VIOLET BEAUREGARD AND WRIGLEY
The first hour of the first day that I sent them over seemed to be OK. But then I got the call…
Neighbor: “Ahhhh, help! Come get the horses!! They are running on my porch, one has been in the pond, they’ve spun the hammock so many times it broke and they’ve turned over every single chair on the patio!!”
Needless to say, all of the horses were banned from that day forward.
I felt horribly for Finn and BG because they had been so polite and would have never done any of the unmannerly antics of the younger two. VB was notorious and I should have known better than to send her over, with her unwitting foil, to ruin it all for everyone. I was very sad and embarrassed.
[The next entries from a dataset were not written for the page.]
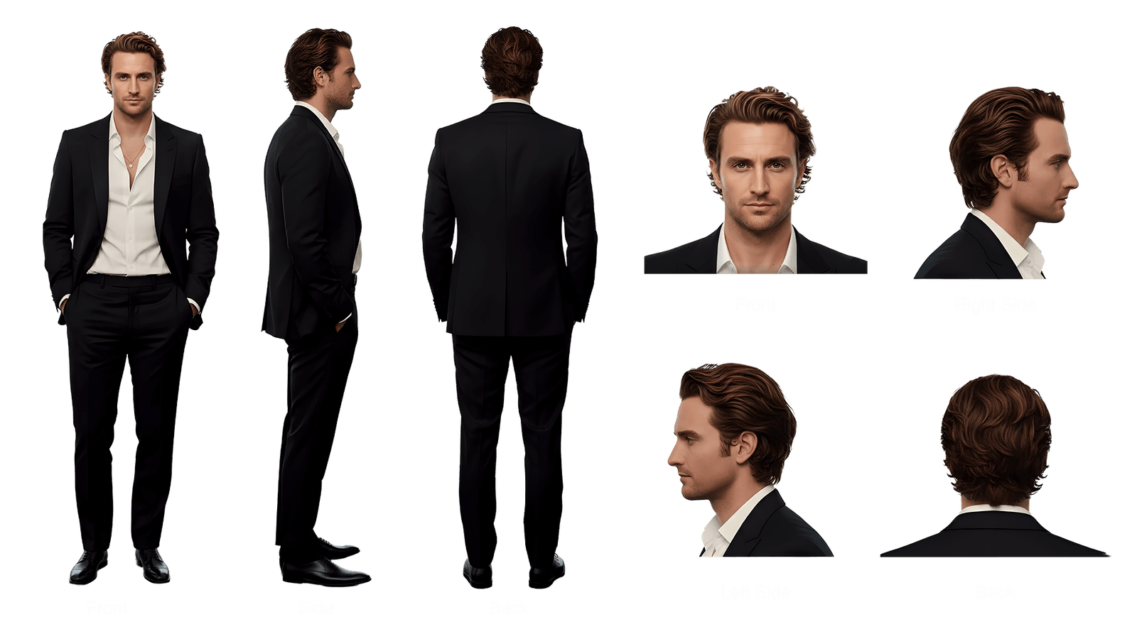 We generated full multi-angle character sheets for both leads—front, profile, and rear—to establish a consistent visual reference throughout the campaign. This allowed us to maintain continuity across every scene, shot, and AI-generated sequence, ensuring the characters felt grounded, recognizable, and believable no matter the environment or camera angle. By locking character identity early, we were able to focus on storytelling, performance, and mood without visual drift—an essential step in producing cohesive, cinematic AI commercials.
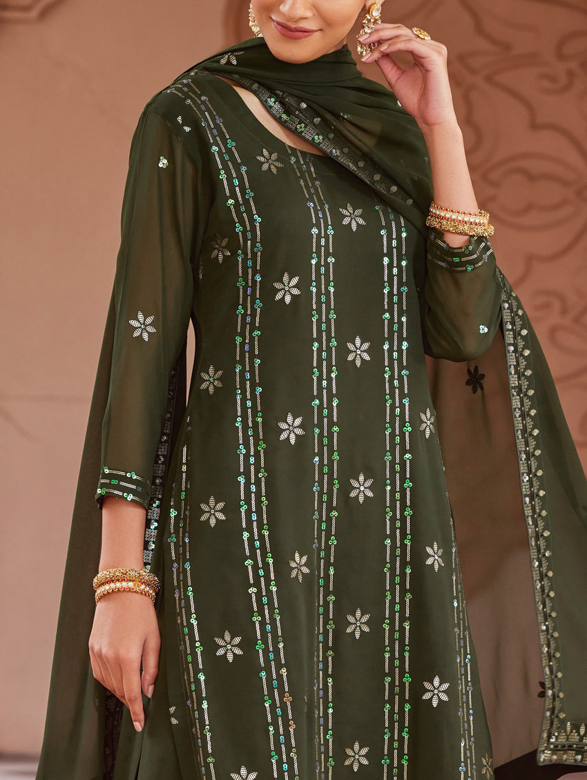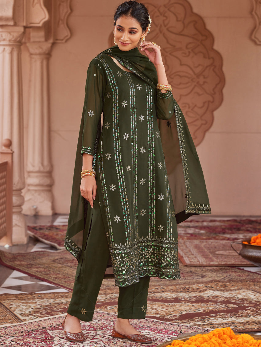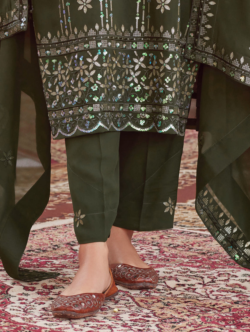 A straight-fit suit set from our latest festive collection. The set combines a kurta in net fabric with shantoon lining beneath, regular solid-coloured pants in silk fabric, and a dupatta in net fabric. Kurta comes with computerised thread embroidery along with sequence work.
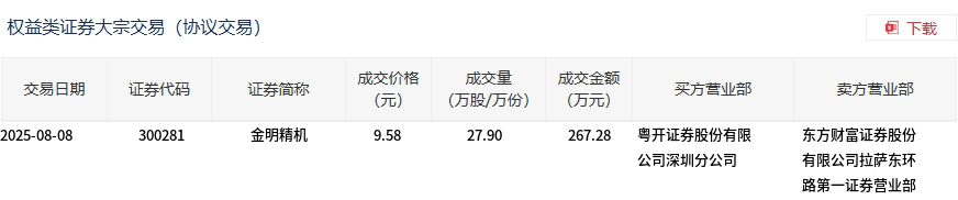 金明精机今日大宗交易溢价成交27.9万股,成交额267.28万元
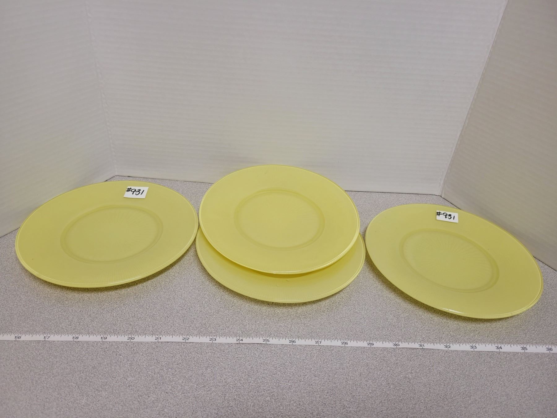 Set of 4 yellow Saguenay lunch plates, 8”, Dominion Glass, 1930’s

I took away the hose and water bucket and the Hallelujah Gates to Heaven were closed forever.
Finn and BG pouted by that gate, every other day, for months…
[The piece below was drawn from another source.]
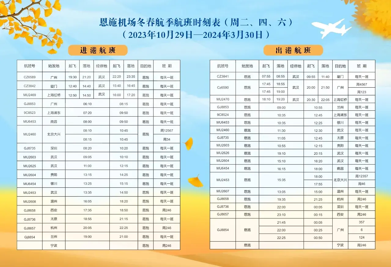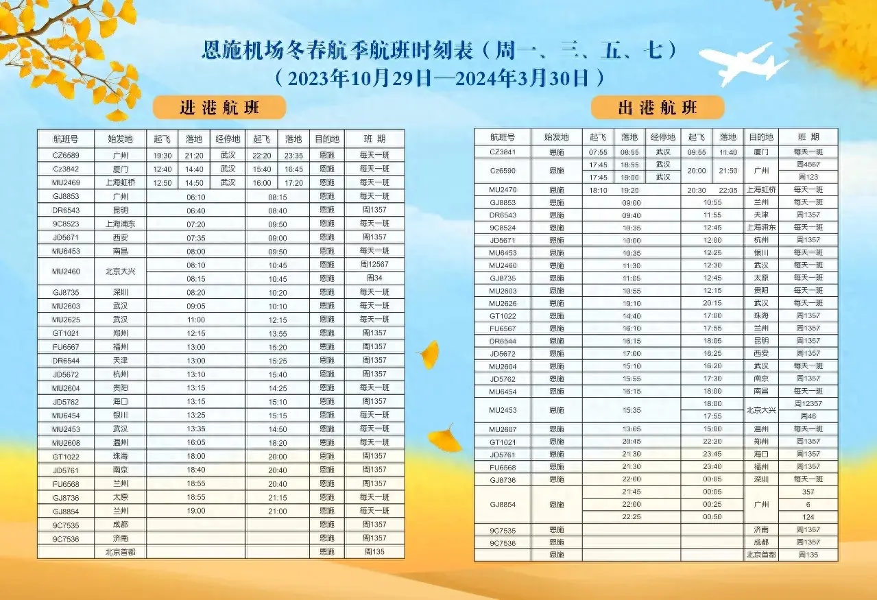 记者从恩施机场获悉: 10月29日-3月30日,恩施机场将执行2025年冬春季航班计划。换季后,恩施机场将开通19条航线,通航24个城市,分别是北京、上海、广州、深圳、厦门、杭州、西安、太原、西宁、海口、南京、武汉、贵阳、珠海、温州、郑州、天津、昆明、兰州、福州、南昌、银川、成都、济南等城市。

YESTERDAY, MY NEIGHBOR CALLED!
I guess the tall grass got to him and he offered to re-open the Hallelujah Gate!
I rapidly spilled out the words that VB was living in Montana and that I would only send over polite horses. I was so excited, I could barely contain myself!
RE-OPENING OF THE GATES!
Yesterday was the day… I gathered my Hallelujah hose and trough. Finn and BG watched me in questioning amazement.
Finn: (prancing around me) “Are you doing what I think you are doing?”
Me: Uh huh.
Finn: (an explosion of exitement behind me) “Wahoo!!”
They both followed in behind me exactly as they had always done. They both stood carefully away from the gate as I fumbled with the now rusted chain. And when Wrigley arrived, I decided he could go too.
I opened the famed gate and they burst through.
THE REST OF THE HORSES
Gwen, my little Einstein, figured out that the Hallelujah Gates had been re-opened and immediately went into her routine.
Gwen: “If you let them graze out there, then I get to graze on the front lawn.”
Me: (for some reason, this made sense to me…) Ummm, I’ll think about it.
Gwen: “I’m going to pace here like a maniac until you open my gate because if you don’t, I’ll know that you love them more than me and I don’t know why you love them more because I’m prettier and love you the best.”
(She always uses the same guilt trip on me and it always works.)
So, I let her out to graze on the front lawn.
Of course, Mama Tess and Sam (tipped off by Gwen) were both standing at their nearest gates, too, asking to be let out. Well, I couldn’t let them out so I tossed them a flake to share.
As I passed Bodhi, he started his low loverumble suggesting that he knew the others were getting something he wasn’t… and Remi stared at me heartstruck, “How could you?!”
So, I threw them a special flake as well.
Then the ponies clamored at their gate and Norma brayed, “WHAT ABOUT US?!” Yup, they got an extra bit of lunch hay as well.
Everyone loves the Hallelujah Gate…
When it was time for the Hallelujah horses to come back home, I wondered if they would remember the routine. Would I have to round them up over the 10 acres or would they be standing there, ready to come back to their pasture?…
I brought my cottage cheese container of bribe pellets.
I shook it and called, “Babiiiiiiiies, Baaaaaaayyyy beeeees!”
And as I came up over the hill, there they all stood; having a drink and waiting for me in front of their beloved Hallelujah Gate.
There was no frantic call from the neighbor. There were no broken flower pots or horses swimming in their pond. All was peaceful and serene. My horses had behaved.
I let the trio back through the Gate and they calmly walked to the bribe pellets I had spread on the ground in their pasture.
I was proud of them like a Mom is proud of her kids when they go visiting and remember to use their manners.
Sigh. (relieved and smiling) My well-behaved horses will again be able to graze all Spring and Summer in my neighbor’s property. Hallelujah indeed!